I agree with you 100%. Except the parts where I don’t. 😉
I think part of my “heartburn” is that you are in no better position to write standards compliant, cross browser web apps using MVC than you are using WebForms or even handcoding a bunch of HTTPHandlers. The “answer” is not the tool, it is the individual.
I liked the distinction of when to use web forms vs. when to use MVC. That’s something I’ve been thinking about a lot, myself. For public facing sites web standards are extremely important and for more than just browser compatibility! Great post, with excellent points! Thanks!
@NotMyself
I just added a PS – to the end of this post so people know I’m kidding about starting a movement.

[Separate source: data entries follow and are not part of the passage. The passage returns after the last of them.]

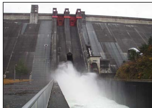
ダム放流時の様子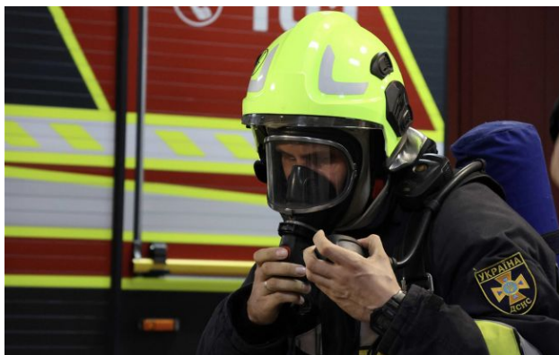
Фото: РФ атакувала передмістя Дніпра

Росіяни сьогодні вдень, 30 квітня, ударним безпілотником атакували передмістя Дніпра. В результаті обстрілу виникла пожежа, відомо про жертву та пораненого.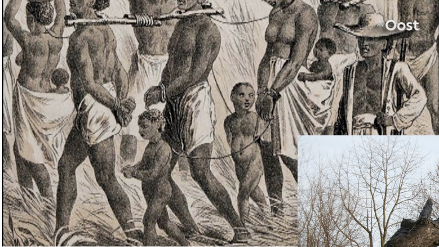
De slavernij in Oost en West: Het Amsterdam-onderzoek (2020)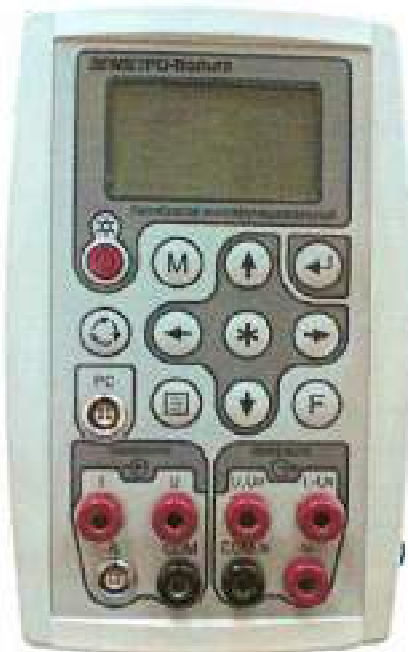
Калибратор многофункциональный ЭЛМЕТРО-Вольта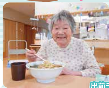
出前ラーメンおいしいの～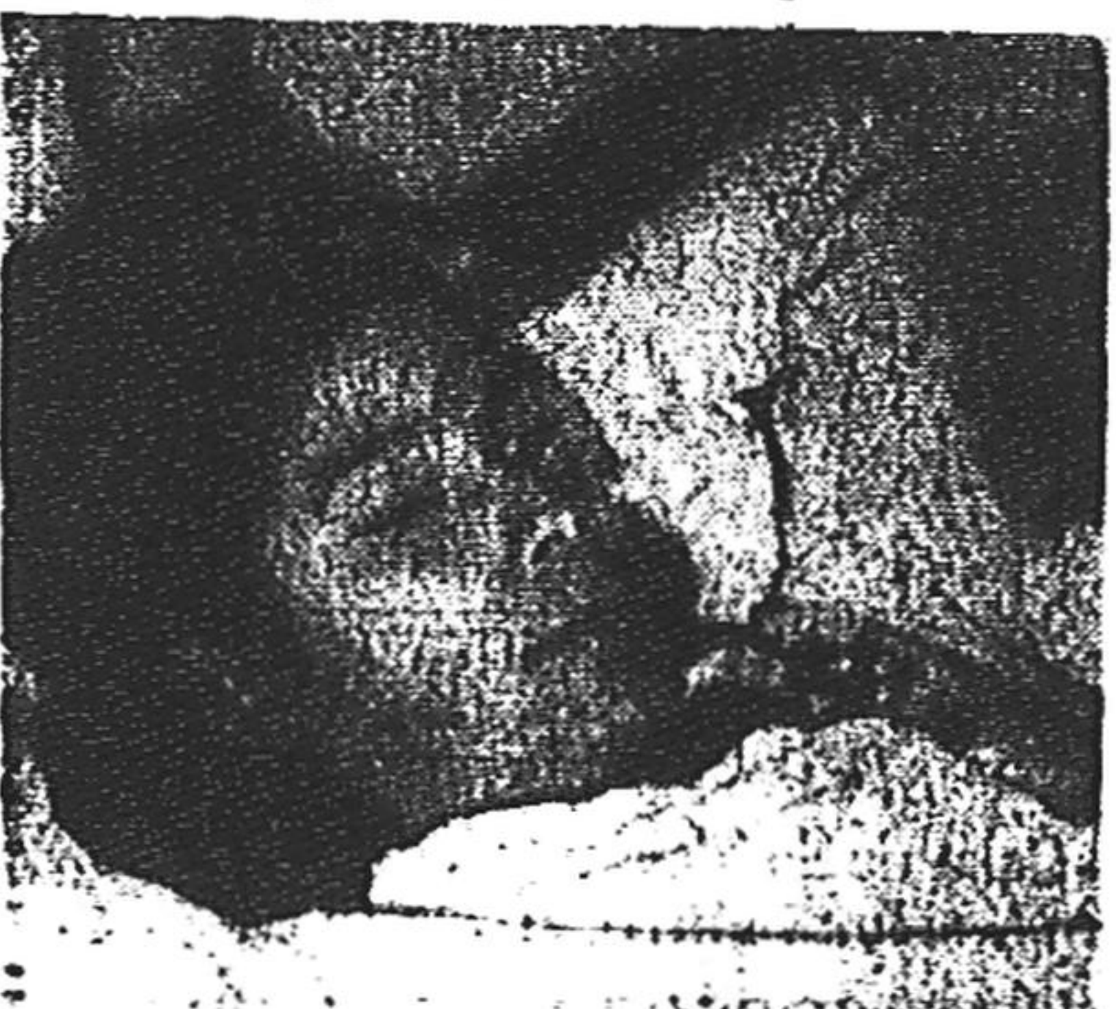
Esta moça sofre de bloqueio auricular e receberá, hoje, em Niterói, um "pacemaker" (marca passo) no coração. (Página 10)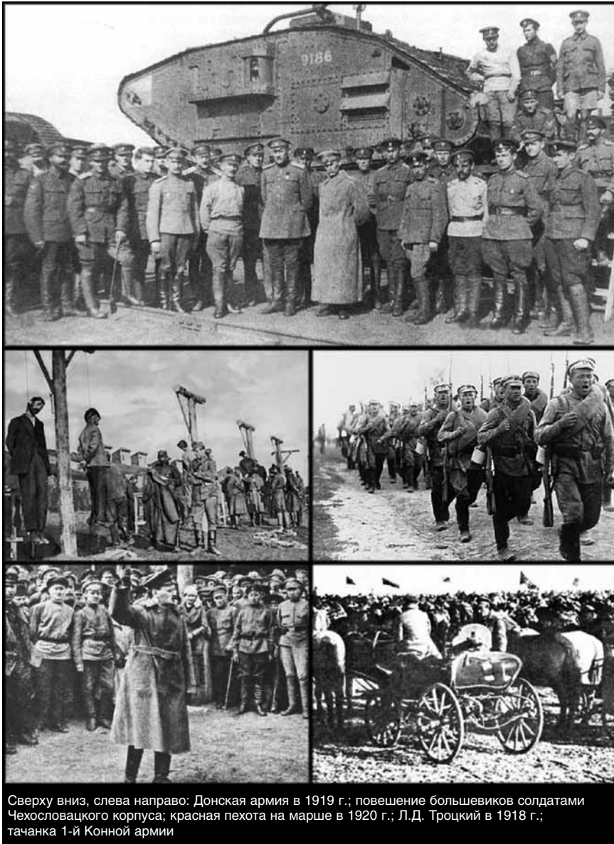
Сверху вниз, слева направо: Донская армия в 1919 г.; повешение большевиков солдатами Чехословацкого корпуса; красная пехота на марше в 1920 г.; Л.Д. Троцкий в 1918 г.; тачанка 1-й Конной армии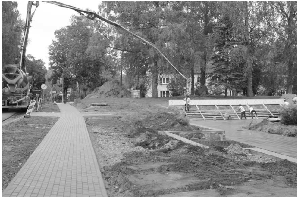
Priekšlaukuma uzlabošanas darbi pie Naukšēnu kultūras nama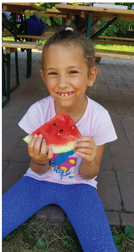
Köszönjük az ajándékba kapott dinnyét!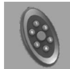
■ Aktywator Kodów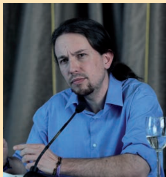
Iglesias no resucita a 'Un tiempo nuevo'.

Pablo Iglesias mareó la perdz durante meses y meses antes de sentarse en Un tiempo nuevo (ahora en Cuatro) y lo hizo en una edición en la que también aparecía Ana Rosa Quintana contando las vicisitudes de su rodaje con el líder de Podemos, más Alberto Garzón, candidato de IU. El resultado fue nefasto en audiencia, un escueto 3,5% de share que cae de lleno en el ridículo, frente al 17,2% de Sálvame de Luxe , lo que cuestiona gravemente el futuro del espacio de Mediaset, al que sólo salva el interés de Vasile por tener ventanas con las que jugar en estos meses tan decisivos políticamente y en los que Rajoy decide la adjudicación de licencias para la TDT. Por si fuera poco, en La Sexta Noche estaban García-Margallo y Albert Rivera, que obtuvieron un 7,1 de share . Tanto hacerse de rogar Iglesias para..., casi nada. Pocas horas después, Ana Pastor logró un 10,1% en su entrevista a Mas en El objetivo .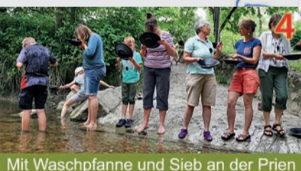
4 Mit Waschpfanne und Sieb an der Prien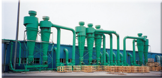
中央系統吸塵設備 CENTRAL SYSTEM EQUIPMENT FOR DUST COLLECTING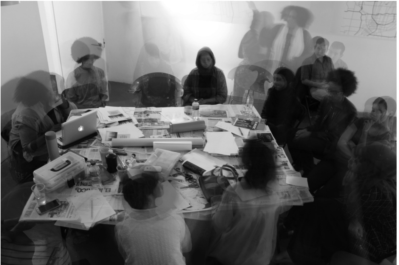
Photos from Numbi Heritage walk Intersectionality workshops and Numbi Rio exhibition.

Il Rich Mix non è la sola sede delle attività del collettivo Numbi Arts, ma lo sono anche altri luoghi che ben rispondono al suo spirito. Nelle nostre peregrinazioni londinesi, uno dei nostri spazi prediletti era l'iklektik Art- Lab, dove si realizzano laboratori, conferenze, proiezioni, concerti, letture e, che nelle parole del suo direttore, Eduard Solaz, è una performance costante, un'installazione sociale, un luogo dove persone diversissime si incontrano e interagiscono.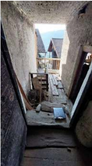
Vano scala a P1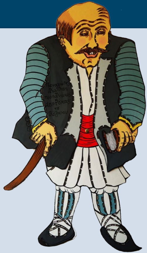
Φωτό 4 Ο Σουρτούκας, από τον Τάσο Κούζαρο

τον ακολουθεί στη Νεάπολη της Σικελίας, συμπληρώνοντας τις γνώσεις του σε θέματα Ευρωπαϊκής στρατιωτικής τακτικής. Τον Οκτώβριο του 1816 ο Νικηταράς δέχεται ισχυρότατο πλήγμα, καθώς οι Τούρκοι συλλαμβάνουν και εκτελούν στη Μονεμβασιά τον πατέρα του και τον αδελφό του Ιωάννη. Ο τραγικός χαμός τους θέριεψε μέσα του την επιθυμία για εκδίκηση, που τον μετέτρεψε σε πραγματικό Τουρκοφάγο. Το φθινόπωρο του 1818 επιστρέφει στην Πελοπόννησο και στις 18 Οκτωβρίου του ίδιου χρόνου μυείται στη Φιλική Εταιρεία από τον παλιό του φίλο Ηλία Χρυσοσπάθη. Μια συμπλοκή με Τούρκους στην Αλωνίσταινα θα τον αναγκάσει να καταφύγει και πάλι στη Ζάκυνθο, όμως τον Φεβρουάριο πλέον του 1821 επιστρέφει στο Μοριά, για να ξεκινήσει την απaráμιλλη επική του πορεία, καθιστώντας το όνομά του συνώνυμο του τρόμου για τους τυράννους της πατρίδας.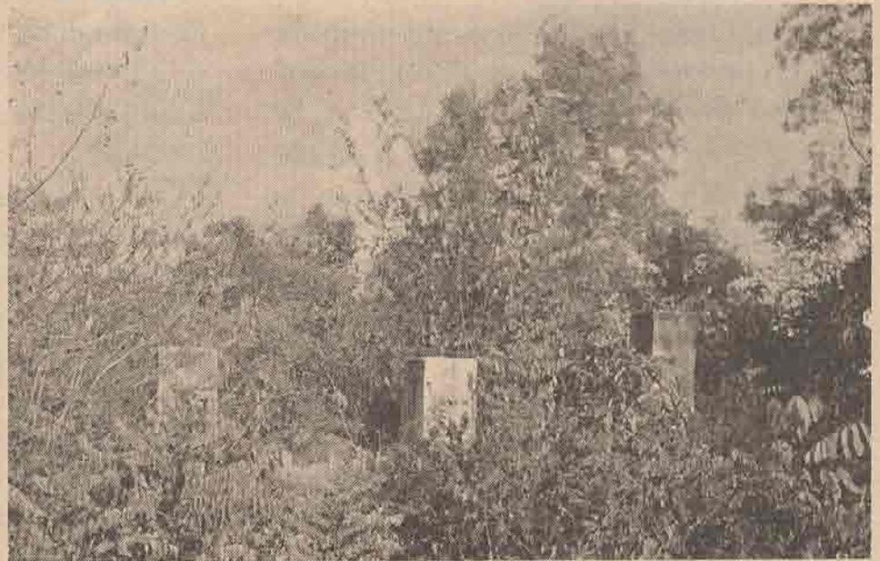
ฐานตั้งกล้องดูดาวเมื่อ ๕ พ.ศ. ๒๔๗๒ ตั้งอยู่บนเนินเขาหลังที่ว่าการ อำเภอโคกโพธิ์ปัจจุบัน ฐานซ้ายมือสุดในภาพเป็นหมุดสามเหลี่ยมใหญ่ ของกรมแผนที่ทหารบก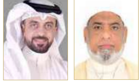
غلاي آل رحمة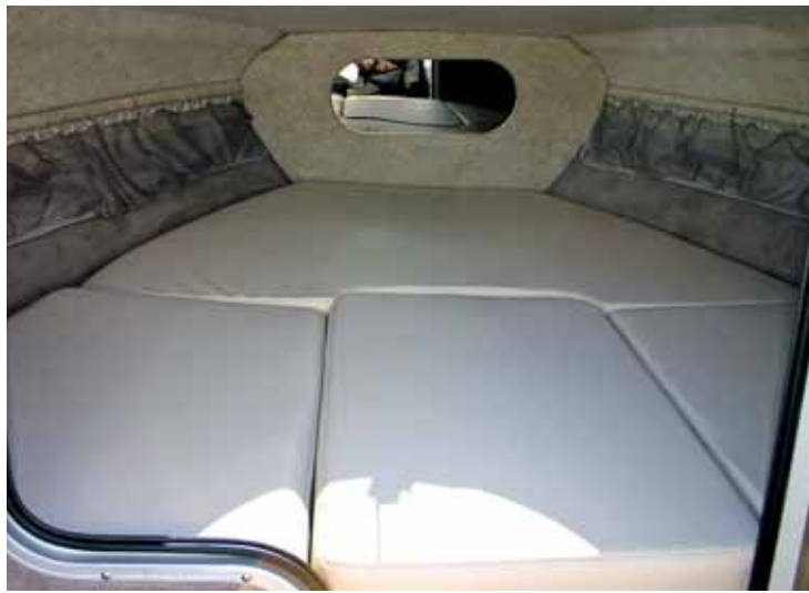
Die Werft hat in dem kompakten Boot eine brauchbare Kabine eingebaut.

Das Cockpit ist in dieser Version für fünf bis sechs Personen ausgelegt, mit zwei dreh- und verstellbaren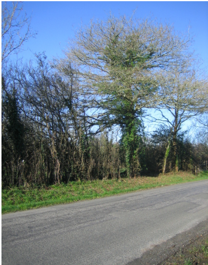
M ↑ - arbre à Grand Capricorne au bord de la route de Notre-Dame vers l'ouest, et détail ↗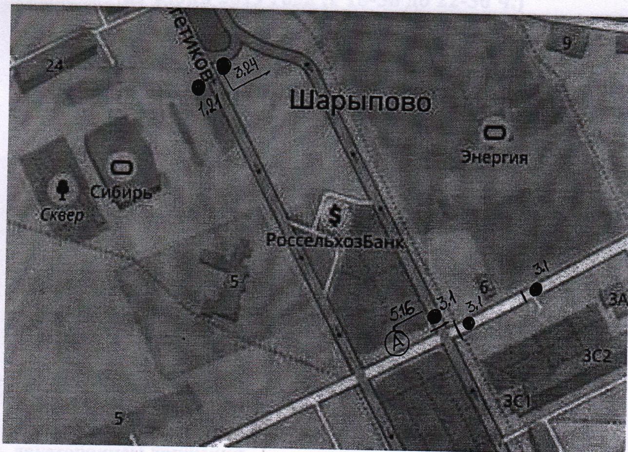
Схема размещения дорожно-знаковой информации 29 июня 2019 года (с 18-30 до 22-30 ч.)

Приложение № 1 к распоряжению Администрации города Шарыпово от « 20 » июня 2019г. № 712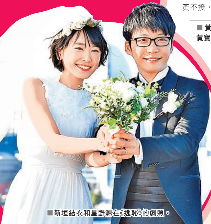
新垣結衣和星野源在《逃恥》的劇照。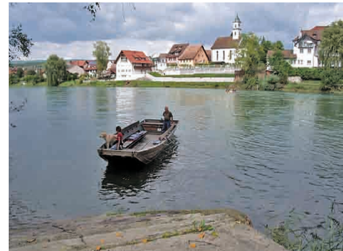
Fähre Kadelburg – Barz (Bad Zurzach)

In der Übersichtskarte sind die 40 für Radfahrer nutzbaren Rheinübergänge verortet und nachfolgend kurz beschrieben. Die beiden nationalen Radrouten entlang des Hochrheins, der rechtsrheinische Rheintal-Radweg (D 6/8) und die (überwiegend) linksrheinische Rhein-Route 2, sind dargestellt. Die Erlebnisroute am Hochrhein ist rot, die alternative Route ist orange eingefärbt.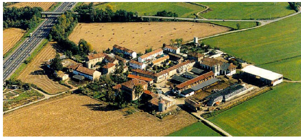
Fig. 3 La collocation des bâtiments dans une ferme milanaise

La ferme francilienne est plus petite, constituée par une dizaine de bâtiments, une résidence où habitent deux ou trois familles, le bâti pour l'élevage (étable, bergerie, écurie), pour le stockage des céréa-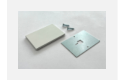
145-50102, S 2 x Metall-Endkappe ohne Schrauben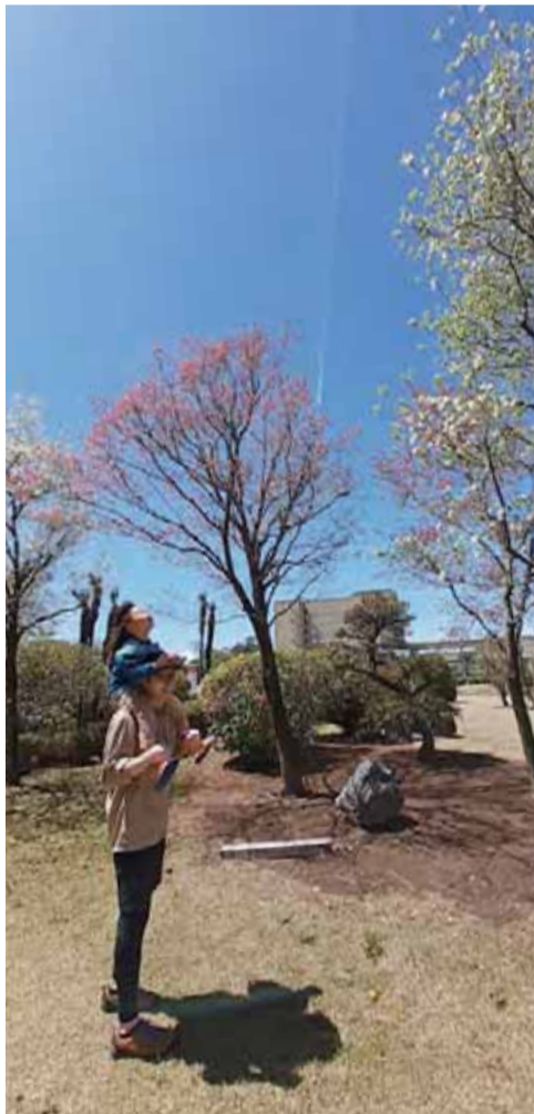
飛行機雲みつけた! R2.4 県立がんセンター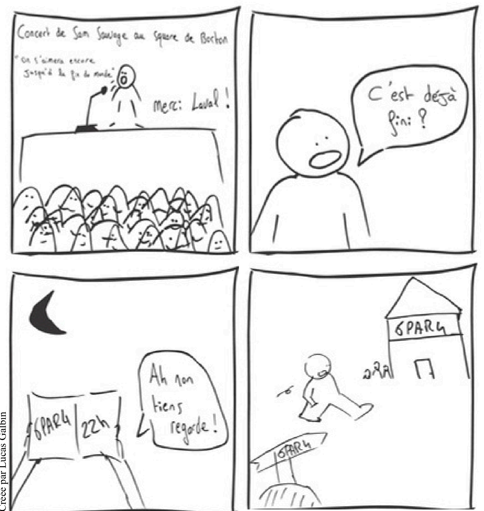
Créée par Lucas Galbin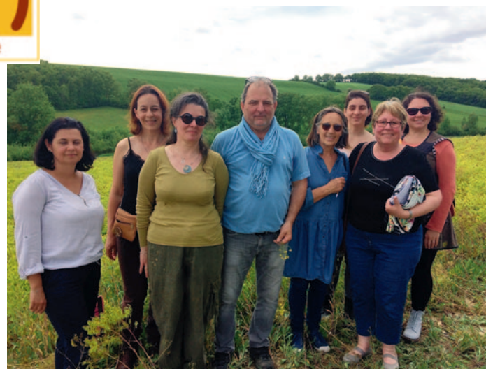
Créateurs en visite guidée sur les champs de pastel.

L'Art et la Matière est adhérente à l'association « Les Ambassadeurs du Pastel à Castres » et en conversion vers l'utilisation du bleu de pastel du Château des Plantes dans ses créations.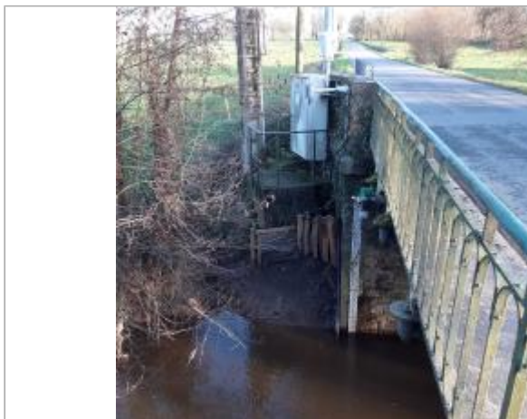
Station Vigicrues de la Flume à Pacé

Coordonnées WGS84 : X: -1.77973412 / Y: 48.18085480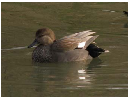
Schnatterente in der Nahaufnahme

Während der Exkursion konnten wir leider keine Schellenten beobachten, dafür jedoch andere Wintergäste aus den nördlichen Breiten, wie einen Singschwan, einen Gänsesäger und Hunderte von Bläßrallen. Außerdem natürlich viele Graugänse, die Stammform unserer Hausgans und damit auch der Weihnachtsgans.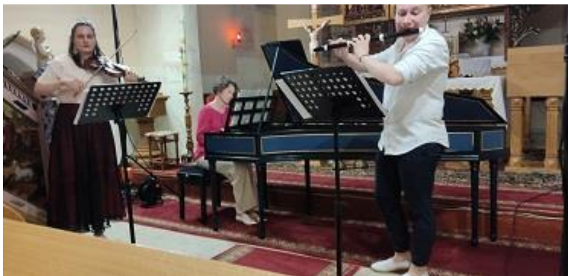
Fot. 33 - Koncert zespołu Green Kore w ramach projektu Przedsionek Raju w kościele parafialnym w Brzeźnicy.

Systematycznie biblioteki są odwiedzane przez uczniów naszych szkół z terenu gminy. Odwiedziły nas również dzieci z przedszkola w Żaganii.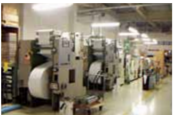
新工場内稼働状況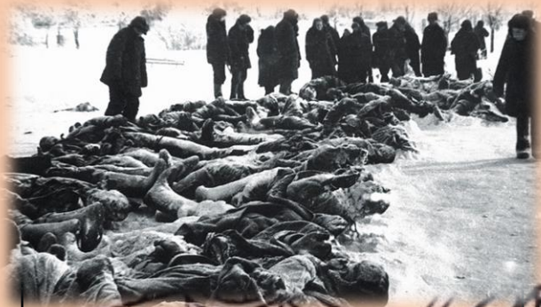
Были убиты тысячи невинных людей

Моё поколение не видело войны, но знает о ней из фильмов, прочитанных книг, рассказов ветеранов. И выслушав многие истории того времени хочется спросить: «Неужели это было на

I will say that I am not kidding about is where I stand. I still stand firmly in the middle looking on either side of me trying to learn something from both.
-Keith
Very insightful post Keith.
I think if you look at the heart of what ALT.NET is about you will find a lot of similarity with your NORM.net movement.
It is all about being passionate about what you do, thinking about the code you write and striving to do it better.
“I’m just a normal guy trying to write code and solve problems and peaking around the corner to see if there is something else out there.”
I like that.
>>[I’m a] normal developer with average skills trying to do an outstanding job for my employer with what God gave me to work with.
Microsoft built WebForms, and ASP.NET MVC.
You work with WebForms and ASP.NET MVC.
God gave you the tools you work with.
So are you then asserting that Microsoft == God?